The California Public Employees Retirement System, the largest public pension fund in the U.S., said it replaced a unit of BlackRock Inc. as the manager of its $1 billion apartment complex real-estate portfolio.
The decision comes after Calpers, as the fund is known, was forced to write off a $500 million investment with BlackRock in New York City’s Stuyvesant Town-Peter Cooper Village through a partnership with Tishman Speyer Properties LP. Calpers said it was consolidating the apartment portfolio with GID Investment Advisers LLC, an affiliate of The General Investment & Development Cos.
Calpers suffered a 37 percent loss in its real-estate holdings in the fiscal year that ended June 30, a decline equivalent to 1.3 percent of the pension’s market value at the time. Despite the loss, the fund earned 11.4 percent for the year as its stocks, bonds and private-equity funds rose.
“By consolidating our core multifamily portfolio under a single partner/manager, we anticipate lower costs, improved efficiency and enhanced performance,” said Ted Eliopoulos, who heads Calpers’ real-estate investment division
BlackRock Realty Advisors had managed the apartment complex portfolio since 1998. BlackRock’s real estate unit teamed with Tishman Speyer to buy the Manhattan developments for $5.4 billion in 2006. The pension said last November it was reviewing its ties with the New York company following the loss.

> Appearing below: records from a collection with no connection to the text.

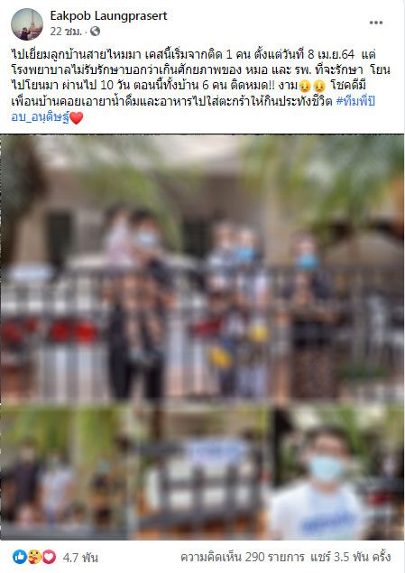 “ไปเยี่ยมลูกบ้านสายไหมมา เคสนี้เริ่มจากติด 1 คน ตั้งแต่วันที่ 8 เม.ย.64 แต่โรงพยาบาลไม่รับรักษาบอกว่าเกินศักยภาพของ หมอ และ รพ. ที่จะรักษา โยนไปโยนมา ผ่านไป 10 วัน ตอนนี้ทั้งบ้าน 6 คน ติดหมด!! โชคดีมีเพื่อนบ้านคอยเอายาน้ำดื่มและอาหารไปใส่ตะกร้าให้กินประทังชีวิต” นายเอกภพ ระบุ
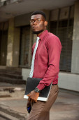 Afrykański biznesmen szuka dokumentów i wskazuje na białe tło. Udany biznesmen w czerwonej burgundowej bluzce
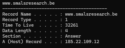 (Gedeeltelijk) resultaat van het Windows-commando ‘ipconfig /displaydns’ na het bezoeken van https://old.smalsresearch.be in de incognitomodus.
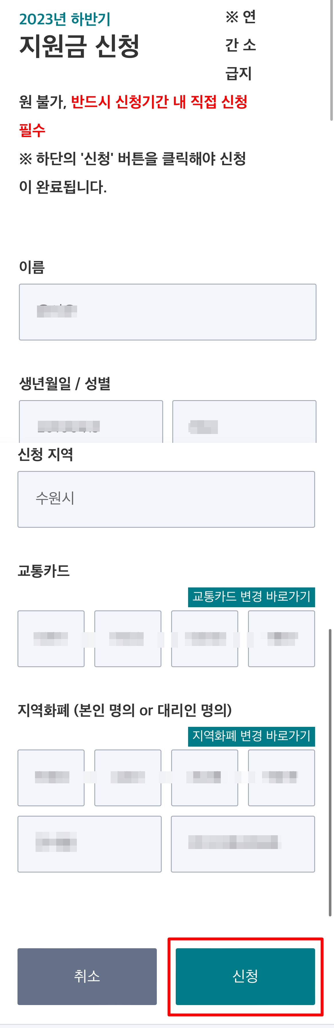 회원 가입과 교통카드 및 지역화폐 번호 등록이 좀 까다롭지만 한번 등록해 두면 저장이 되니 적은 금액이더라도 가입하셔서 꼭 지원받으셨으면 좋겠습니다.
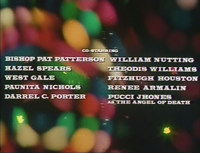 I didn't recognize any of these actors, but I wanted to shine a spotlight on that last credit -- "Pucci Jhones as The Angel of Death." Again, like seeing a character named "Sweetmeat," this is a sign that you're about to experience something truly special.
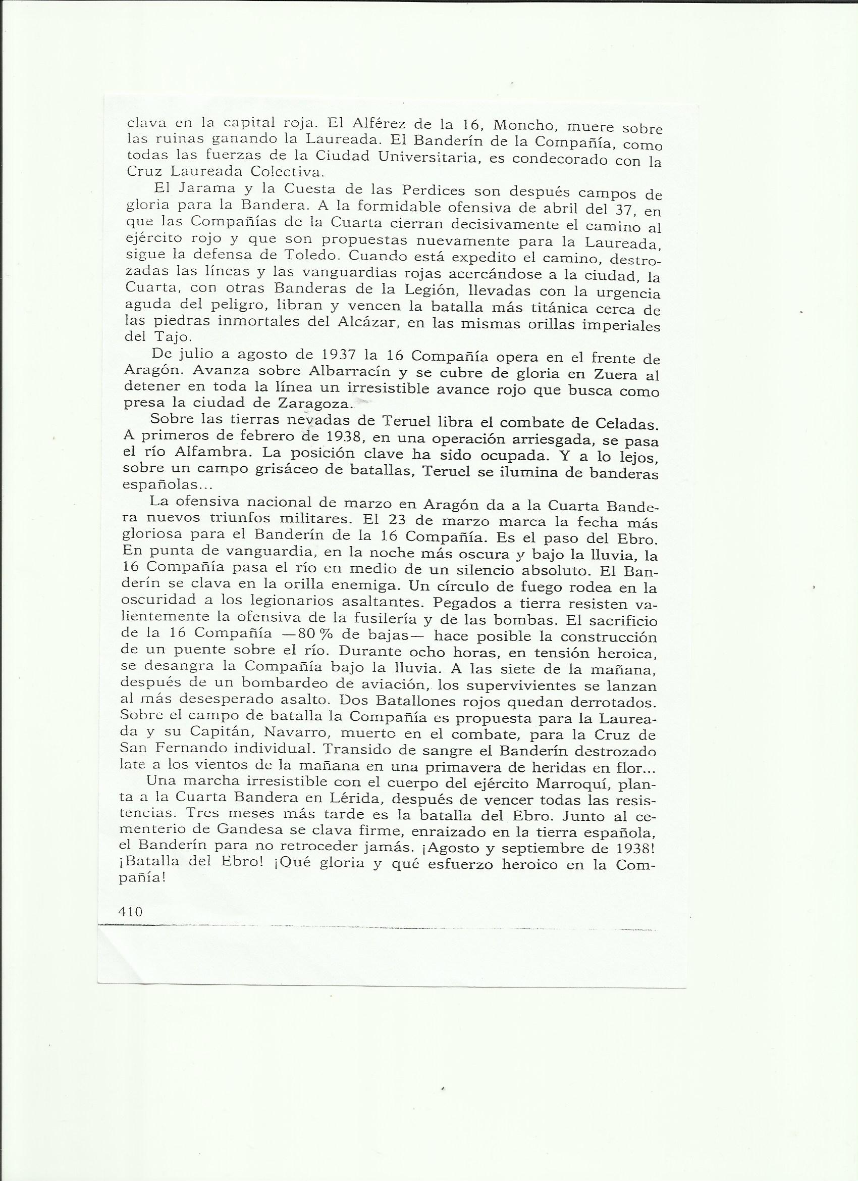 Sin detenerme en las acciones de combate de la Compañía, que pueden leerlas en los anexos, les relataré el destino final de su glorioso Banderín que, aunque contado por Luca de Tena, es desconocido incluso en el ámbito militar; quizá ocultada por esos complejos que nos distinguen.
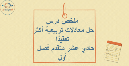 من إعداد أ. جواهر العبدلية: ملخص درس حل معادلات تربيعية أكثر تعقيدًا رياضيات متقدم حادي عشر فصل أول
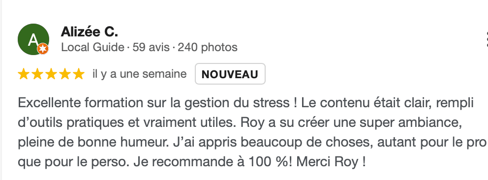 Roy nous a fait une formation complete à mon équipe et moi même et nous avons été séduits ! Merci pour tes connaissances, tes exercices pratiques et ton énergie ! Plus qu'une formation, un team building :)
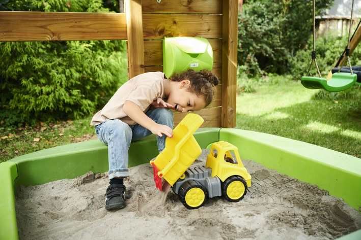 Sklápěčka z řady Power Worker z kvalitního plastu. S pohyblivými částmi. Objem cca 1litr. Pneumatiky z měkkého plastu. Součástí figurka o velikosti 10 cm. Po použití v písku lze hygienicky vyčistit pod tekoucí vodou. Délka 31 cm. Rozměry: 31 x 20 x 23 cm.
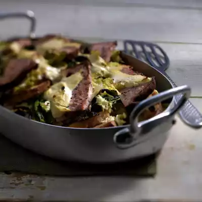 Heat the fat, add the onion and savoy cabbage, pour on the stock and stew in a closed pot for about 5 minutes. Halve the meat loaf and cut into 16 slices. Place one after the other in 2 layers of bread, savoy cabbage and meat loaf in the greased form (approx. 2 litres capacity). Spread half the sour cream on each. Bake in the preheated oven (electric cooker: 175 °C/ convection oven: 150 °C/ gas: level 2) for approx. 20 minutes

BlackRock is the largest global investment management firm, with $3.2 trillion in assets.
BlackRock Comment
“As a matter of policy, we do not comment on client activity,” said Lauren Terngrove, a spokeswoman for BlackRock, in an e-mail.
Closely held GID will manage investments in 57 apartment projects with 14,674 units in 13 states valued at about $1.1 billion, Calpers said. Boston-based GID currently manages about $5.3 billion worth of apartments at 127 properties across the U.S., according to the release.
Calpers also wrote off a $970 million investment last year in the Newhall Ranch project north of Los Angeles. The developer, LandSource Communities Development LLC, entered Chapter 11 bankruptcy reorganization after failing to restructure debts.